- _STORED DATA_
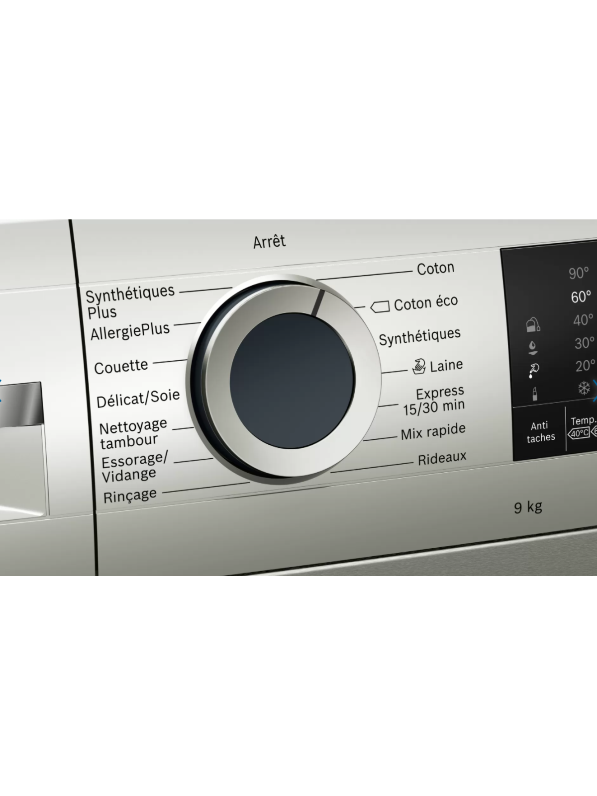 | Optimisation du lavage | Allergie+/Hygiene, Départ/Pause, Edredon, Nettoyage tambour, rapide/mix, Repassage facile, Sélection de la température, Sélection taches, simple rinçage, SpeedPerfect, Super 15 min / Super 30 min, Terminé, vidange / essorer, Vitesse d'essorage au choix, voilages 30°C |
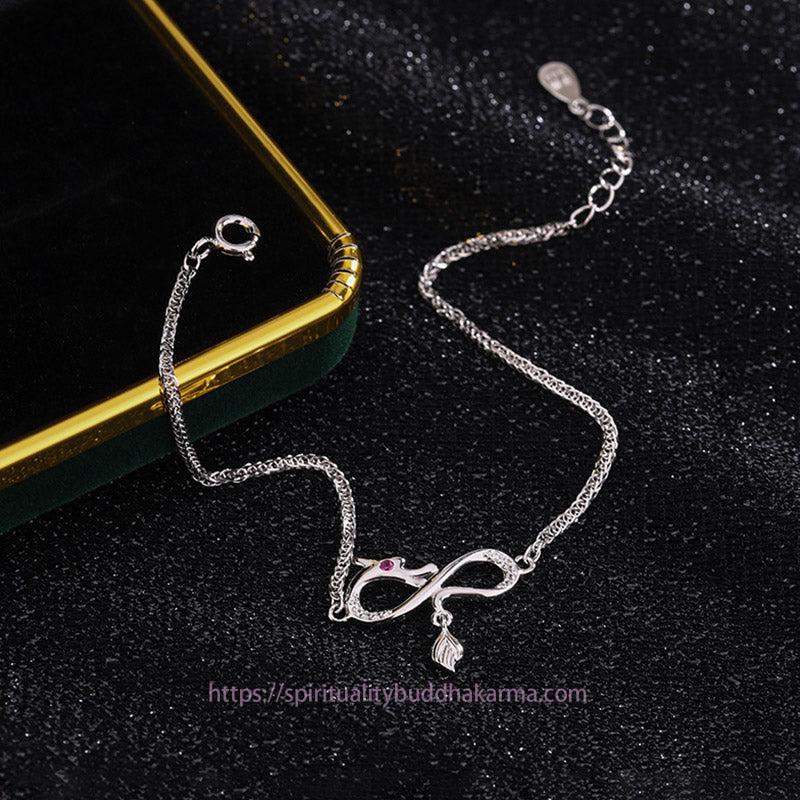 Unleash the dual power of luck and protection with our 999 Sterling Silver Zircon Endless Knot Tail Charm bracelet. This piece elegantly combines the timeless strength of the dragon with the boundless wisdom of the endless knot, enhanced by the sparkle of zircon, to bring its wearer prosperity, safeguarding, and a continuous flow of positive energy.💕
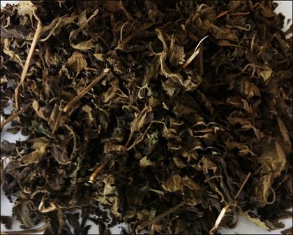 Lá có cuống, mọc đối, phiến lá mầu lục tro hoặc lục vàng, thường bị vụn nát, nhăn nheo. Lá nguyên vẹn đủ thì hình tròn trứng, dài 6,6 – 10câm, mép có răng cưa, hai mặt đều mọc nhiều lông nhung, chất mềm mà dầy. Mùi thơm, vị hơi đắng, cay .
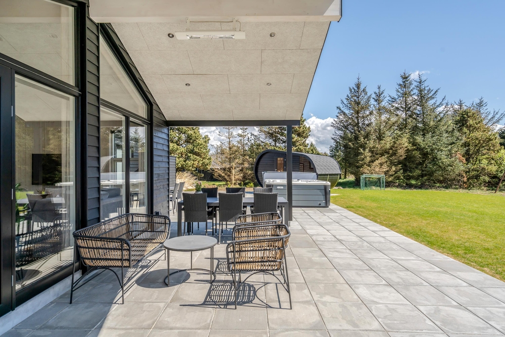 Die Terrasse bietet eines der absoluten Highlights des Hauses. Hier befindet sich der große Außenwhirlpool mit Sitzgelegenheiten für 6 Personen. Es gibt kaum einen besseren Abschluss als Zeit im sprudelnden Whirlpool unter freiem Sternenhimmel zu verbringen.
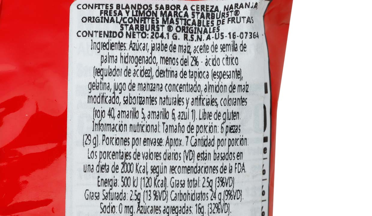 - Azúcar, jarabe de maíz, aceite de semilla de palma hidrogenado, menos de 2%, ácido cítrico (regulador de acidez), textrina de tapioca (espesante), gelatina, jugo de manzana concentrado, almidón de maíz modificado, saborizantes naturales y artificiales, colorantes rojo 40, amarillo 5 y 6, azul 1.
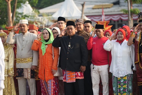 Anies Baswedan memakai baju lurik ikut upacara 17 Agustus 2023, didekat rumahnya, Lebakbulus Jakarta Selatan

- _EXERCISE GOAL_
Each line above must be repeated exactly in the answer, with pictures omitted.

- _EXERCISE OUTPUT_
 | Optimisation du lavage | Allergie+/Hygiene, Départ/Pause, Edredon, Nettoyage tambour, rapide/mix, Repassage facile, Sélection de la température, Sélection taches, simple rinçage, SpeedPerfect, Super 15 min / Super 30 min, Terminé, vidange / essorer, Vitesse d'essorage au choix, voilages 30°C |
 Unleash the dual power of luck and protection with our 999 Sterling Silver Zircon Endless Knot Tail Charm bracelet. This piece elegantly combines the timeless strength of the dragon with the boundless wisdom of the endless knot, enhanced by the sparkle of zircon, to bring its wearer prosperity, safeguarding, and a continuous flow of positive energy.💕
 Lá có cuống, mọc đối, phiến lá mầu lục tro hoặc lục vàng, thường bị vụn nát, nhăn nheo. Lá nguyên vẹn đủ thì hình tròn trứng, dài 6,6 – 10câm, mép có răng cưa, hai mặt đều mọc nhiều lông nhung, chất mềm mà dầy. Mùi thơm, vị hơi đắng, cay .
 Die Terrasse bietet eines der absoluten Highlights des Hauses. Hier befindet sich der große Außenwhirlpool mit Sitzgelegenheiten für 6 Personen. Es gibt kaum einen besseren Abschluss als Zeit im sprudelnden Whirlpool unter freiem Sternenhimmel zu verbringen.
 - Azúcar, jarabe de maíz, aceite de semilla de palma hidrogenado, menos de 2%, ácido cítrico (regulador de acidez), textrina de tapioca (espesante), gelatina, jugo de manzana concentrado, almidón de maíz modificado, saborizantes naturales y artificiales, colorantes rojo 40, amarillo 5 y 6, azul 1.
 Anies Baswedan memakai baju lurik ikut upacara 17 Agustus 2023, didekat rumahnya, Lebakbulus Jakarta Selatan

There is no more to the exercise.